Barcellona
Inaugurata la stagione con il Macbeth verdiano
Come al solito, due compagnie di canto si alternano per un totale di undici recite. L'allestimento di Christof Loy, già visto a Ginevra, ha un po' di tutto: un'atmosfera claustrofobica in bianco e nero, ‘gotica', che ci sta benissimo e che alcuno ha trovato stile Rebecca di Hitchcock (non il sottoscritto), ma la scena unica provoca delle inutili forzature: l'assassinio di Banquo è piazzato in mezzo alla sala di festa per il brindisi; inoltre le cose si complicano senz'alcuna necessità, nelle arie c'è sempre qualcuno che le fa diventare un duetto tra solista e personaggio muto o la regìa parte in più di una direzione: Le streghe, ovviamente: alcune travestite, qualche nudo che non guasta ma non si sa cosa ci stia a fare, l'inserviente dei Macbeth – qui anche araldo e sicario – onnipresente e non si sa se capo o seguace delle ‘misteriose donne'. Non male, ma pedante. Tre sipari dividevano il palcoscenico e in molti momenti il cantante o i cantanti restavano opportunamente sul proscenio a cantare le loro scene più difficili. Interessante invece il lavoro sui personaggi, non solo la coppia colpevole.
La concertazione di Giampaolo Bisanti non era forse geniale ma si molto corretta e l'orchestra suonava bene, cosa che va sottolineata. Il coro (istruito da Conxita García) molto bravo soprattutto negli ultimi atti: ‘Patria oppressa' è stato un momento magico. Siccome qui la fine era quella della prima versione non c'è stato il grande momento del coro che Verdi scrisse per Parigi.
Accettabili i comprimari, tra i quali spiccavano Albert Casals (Malcolm), Anna Puche (Dama) e soprattutto Marc Canturri che cantava poco ma era omnipresente sul palcoscenico e sempre con tanto da fare.
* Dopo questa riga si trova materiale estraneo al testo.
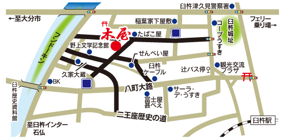 〒875-0041 大分県臼杵市唐人町5組 TEL0972-62-5223 FAX0972-62-5247 営業時間/AM11:30~PM2:00(オーダーストップ) PM5:00~PM9:00(オーダーストップ) 休日/不定休

Ludovic Tézier si misurava per la prima volta con il protagonista con ottimi risultati, la nobiltà del porgere, la bellezza della voce, ma è chiaro che l'interpretazione crescerà dopo questo primo contatto pubblico. Luca Salsi invece ha dalla sua una grande dimestichezza con il ruolo ed è stato molto bravo anche se con qualche eccesso ‘preverista' in alcuni momenti e quindi al suo eroe – negativo certo ma non perciò meno nobile – mancava qualche volta la classe. Martina Serafin debuttava anch'essa la Lady: ancora una volta si è avverato che il primo Verdi non fa per lei. Meglio senz'altro della tremenda Abigaille del Nabucco di esattamente un anno fa, si rifugiava nella sua intelligenza per aggirare i momenti che la superavano, e quindi a soffrire era la linea di canto: non si parli del re bemolle del sonnambulismo... mai sentita la prima e più lunga parte de ‘La luce langue' in una forma diciamo ‘espressionista'. Tatiana Serjan, da canto suo, era formidabile. L'acuto è forse più metallico e meno rigoglioso di prima, ma la cantante risolve bene tutte le insidie della parte senza cercare compromessi, compreso, qui sì, il benedetto re bemolle di cui sopra in pianissimo, ed adoperava con grande effetto un centro e grave importanti e non artefatti come quelli della collega.
Molto bene Vitalij Kowaljov nei panni di Banquo, ma potrebbe migliorare un po' certe consonanti della lingua di Dante; note dolenti invece per Alessandro Guerzoni nello stesso ruolo, e una parte del pubblico dimostrava chiaramente di non gradire la prestazione dopo l'aria. Bene il Macduff di Saimir Pirgu, ma la voce è troppo leggera per la parte; preferibile comunque alla prestazione di Teodor Ilincai, che avrà certo più volume, ma dei problemi di emissione (l'inizio del recitativo ‘O figli' era terribile) e un fraseggio più che generico.
Jorge Binaghi
14/10/2016
Le foto del servizio sono di Antonio Bofill.